The evening moves through writers and stories of all kinds, including Greg Loui, president of the UCSD Wordsmiths, a speculative-fiction writing club; Sienna Hemminger, whose short story takes the all-too familiar form of a campus email — this one coming from “The Republic of UCSD” in 2097 with reminders to acquire a brain scanning chip to enter the library; and Lily Huang, who brings character to her performance by doing voices for some of her characters.

Readers and authors range from alumni to faculty to students to nearby writers to 11-year-old Daniel Flynn, who reads a multipart story of his own composition featuring familiar characters such as Kirk and King Kong. Stories spiral vastly from writer to writer, ranging from bleak warnings on conservation to amusing or chilling anecdotes to hopeful looks at a more advanced future.
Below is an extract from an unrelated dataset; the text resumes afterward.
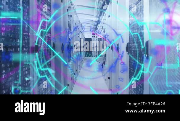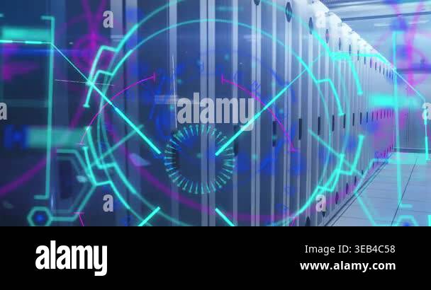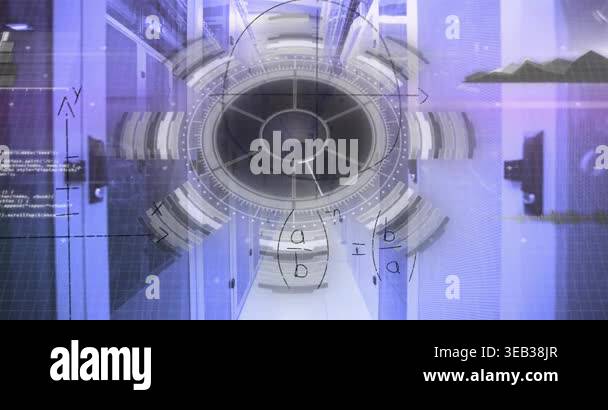 Animation of neon processing circle and math formulas over servers ...

A sort of spell seems to fall during each reading; a quiet, surrounded by nothing but words and colored lights with occasional interspersed applause.

After the final reading, two Geisel-fied “I Believe” T-shirts are raffled off and everyone else is informed that there are free posters just outside the room. This isn’t the only treat for those in attendance; alongside the posters are tables set up with all sorts of otherworldly goodies such as “Venus Vines” (Red Vines), Astronaut Rations (little cups filled with jelly beans) and “Total Eclipse Brownies.” There is also a “Refreshment Laboratory” serving funky multicolored and carbonated drinks. All around, the event is good-natured, clever, and in utter celebration of the kind of imaginative thinking and storytelling that has kept mankind’s eyes pointed to the stars for decades.

“Short Tales from the Mothership” hopes to eventually hold quarterly meetings, but currently seems to be gathering on more of a “fall and January” sort of basis. Nevertheless, on the occasions the group does meet, stepping through the door of the Geisel Library, climbing on board the “mothership” itself, seems to be an exciting excursion to otherworldly adventures.